Just out in trade paperback is its predecessor, “The Last Enemy,” in which Cenni investigates the murder of a well-connected young American woman in Assissi during Holy Week. The author is an American, married to an Italian, who lived and studied in Italy for many years.

Scared to Live, by Stephen Booth, $25. We’ve long been fans of this series set in Eng land’s Peak District and featuring Constable Ben Cooper and Sergeant Diane Fry. She’s a prickly, ambitious outsider and he’s a laid-back local lad whose policeman father was well-loved in the district. For all their differences, they respect each other and work reasonably well together. Here they turn their attention to a house fire that took the lives of a young mother and two of her children and a seemingly unrelated home invasion that resulted in the murder of a reclusive spinster.

What follows is a long, complicated investigation that uncovers links with the Bulgarian Mafia and baby smuggling, but for most of the book, the detectives as well as the reader are totally clueless as to where the investigation is going.

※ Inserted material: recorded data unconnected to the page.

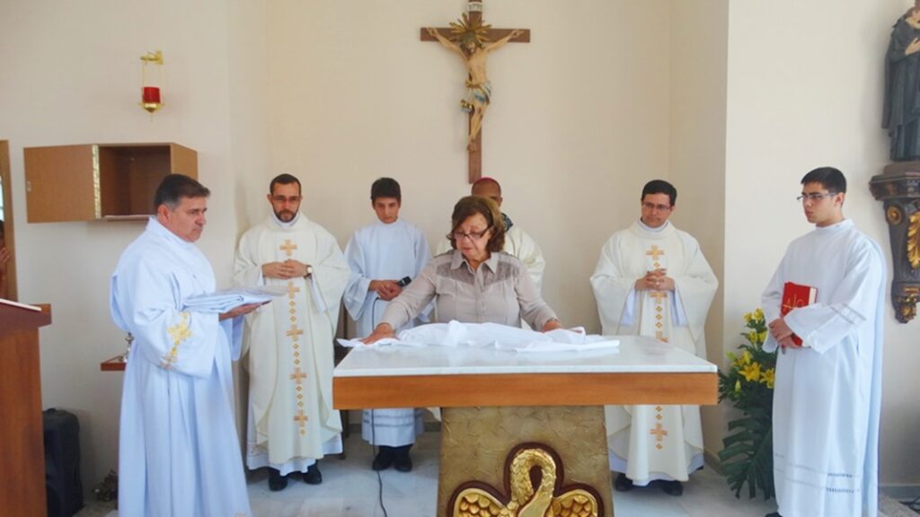 Como é determinado pela Igreja, foi feita a leitura pública da ata de Dedicação do Altar pelo pároco e chanceler da diocese, Pe. Luzair Coelho de Abreu, que explicou aos presentes que a ata foi feita em três vias: uma para arquivo na cúria diocesana, outra para arquivo paroquial, e a terceira via para arquivo no Lar Vicentino.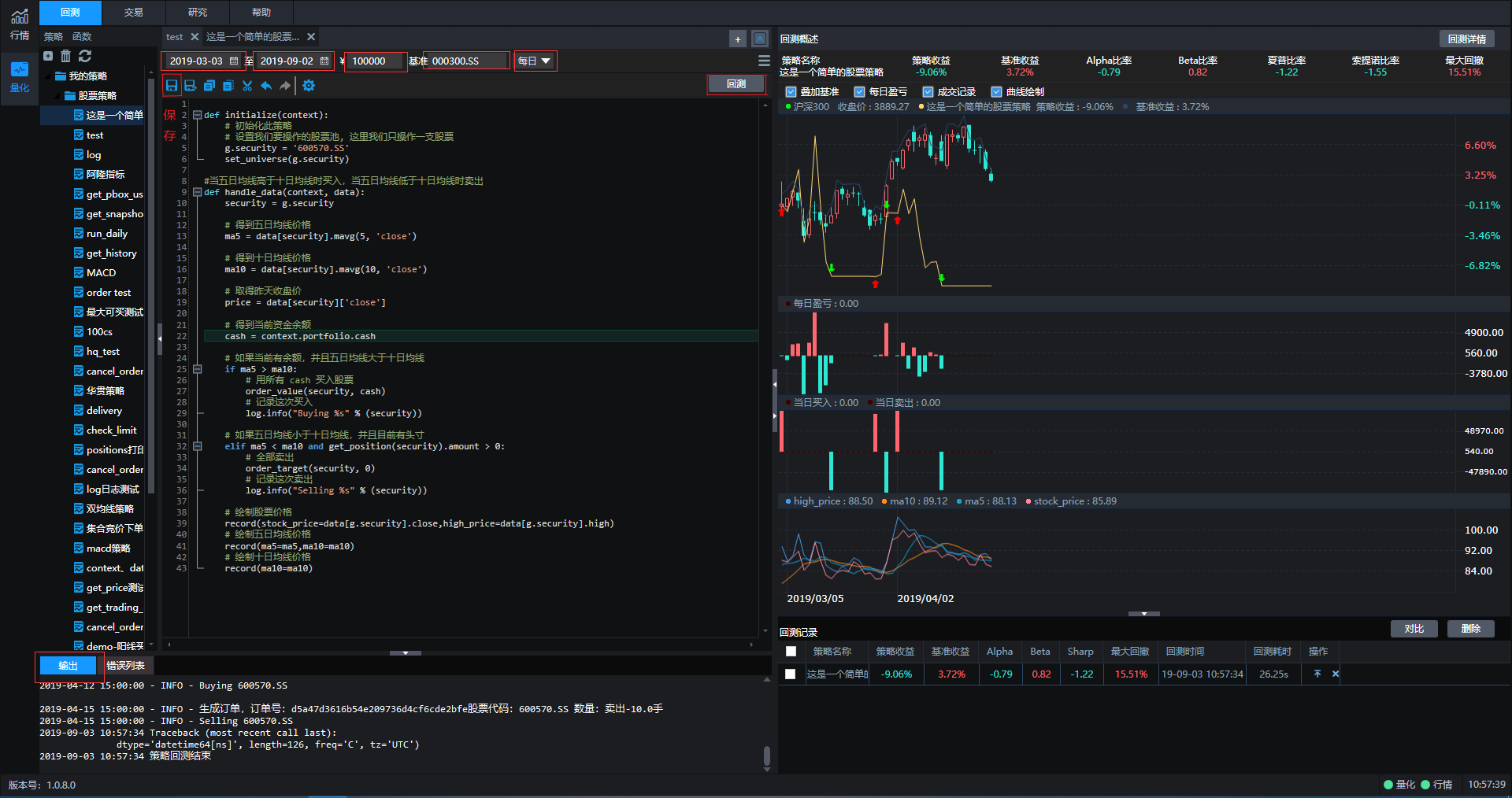 策略添加完成后就可以开始进行回测操作了。回测之前需要对开始时间、结束时间、回测资金、回测基准、回测频率几个要素进行设定,设定完毕后点击保存。然后再点击回测按键,系统就会开始运行回测,回测的评价指标、收益曲线、日志都会在界面中展现。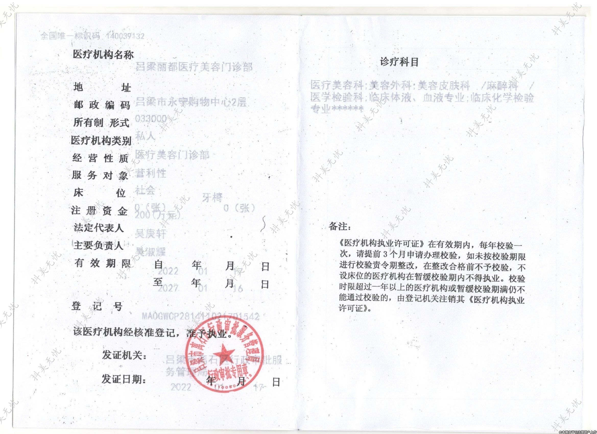 醫(yī)療機(jī)構(gòu)名稱:呂梁麗都醫(yī)療美容門診部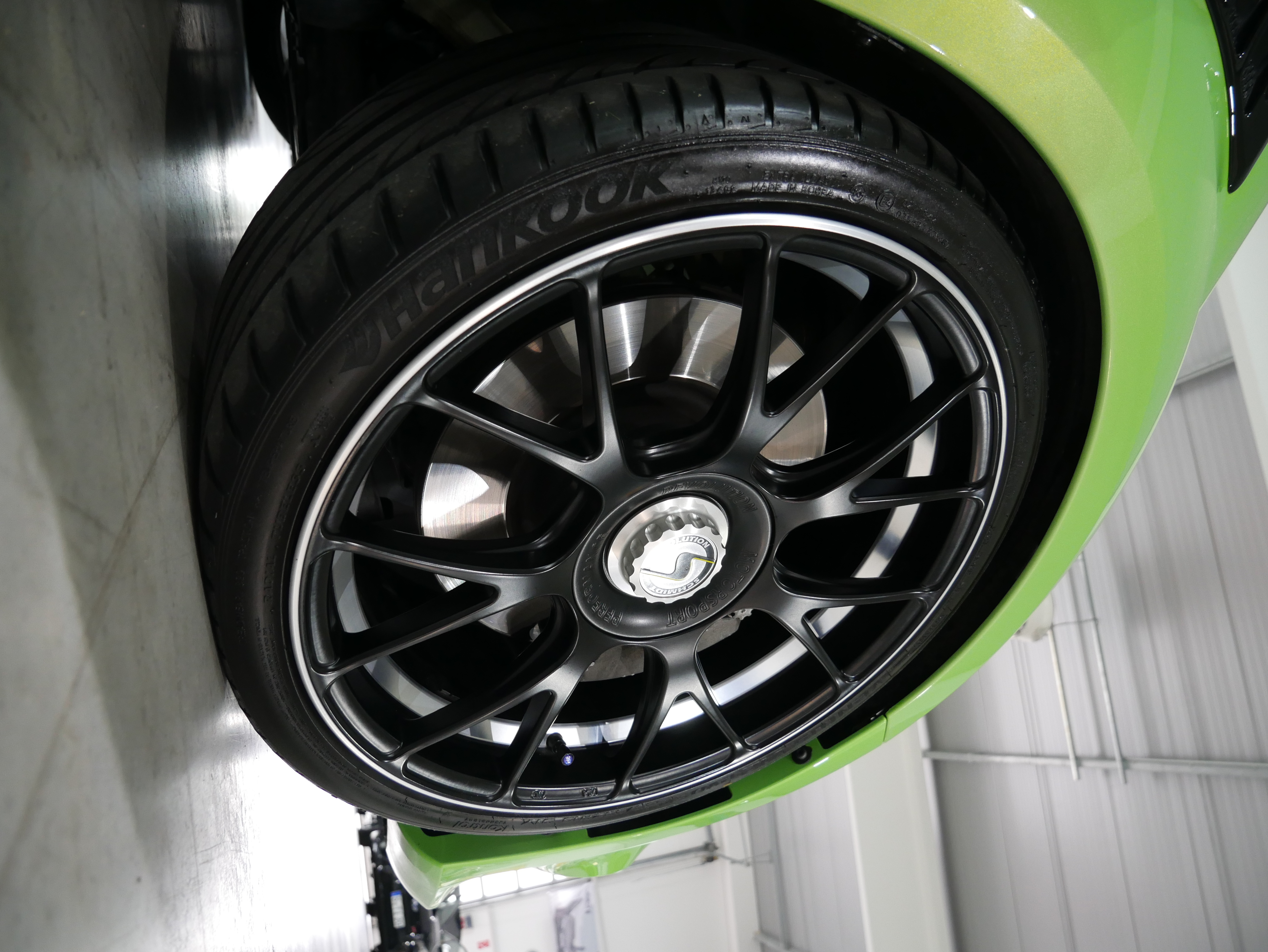 Der schon ab Werk in dem auffälligen Giftgrün lackierte Kompaktsportler erhielt bei den Spezialisten aus dem süddeutschen Walddorfhäslach einen Satz Schmidt Gambit-Felgen mit Zentralverschluss-Optik in der Dimension 8,5x19 Zoll. Die aufgezogene Bereifung misst dabei 235/35R19. Für die passende Tieferlegung ist ein ST suspensions-Gewindefahrwerk zuständig – es senkt den Focus vorne um 45 und hinten um 35 Millimeter ab. Der Blick unter die Motorhaube zeigt, dass der 305-PS-Turbomotor im Bug mit zahlreichen neuen Silikonschläuchen verfeinert wurde.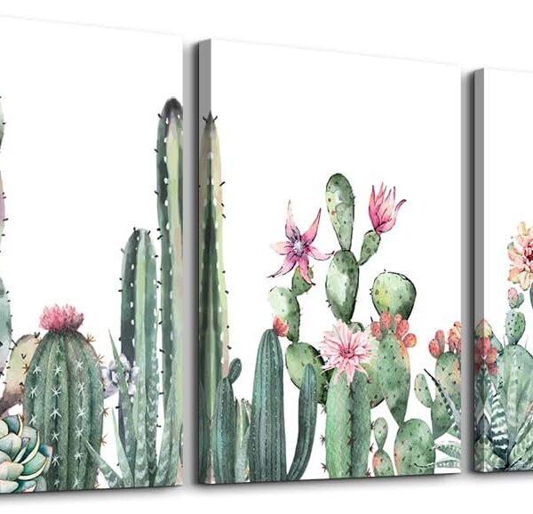 Canvas Wall Art For Living Room Family Wall Decor For Bedroom Kitchen Wall Art Pictures Artwork Prints Green Succulent Cactus Wall Painting Modern Framed Bathroom Home Decorations 12″ X 16″3 Piece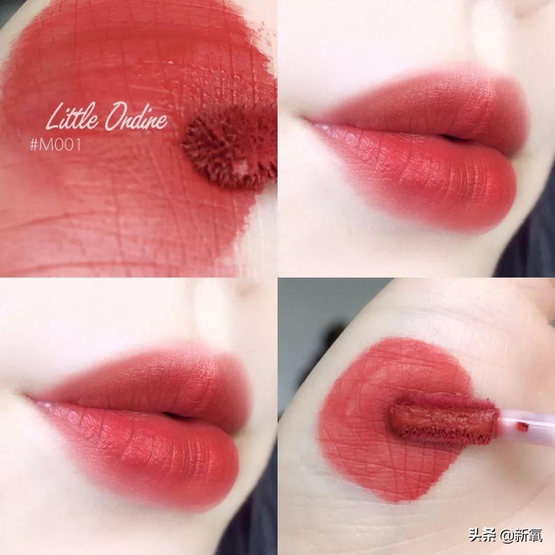 明星色號很多。比如:M002水霧紅。這支泫雅也有推薦過,是顯白的山楂紅。紅得明暗正好,不土不村不出錯。甚至厚涂顯得嘴巴都飽滿了很多。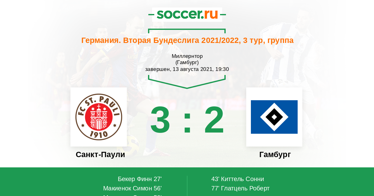 Протокол матча Санкт-Паули против Гамбург

That’s because vital information is withheld for no apparent reason other than to prolong the narrative.

Everything else about the book is spot-on — the setting is well realized, the characters and their relationships interesting and the plot credible — but at more than 400 pages, it’s at least 100 pages too long.

Publishers seem to think that heft is what readers today want in their mysteries and writers are forced to go along with this dictum, but we can’t believe that we are the only ones who are getting cranky about it.

Tom and Enid Schantz write regularly about new mystery releases.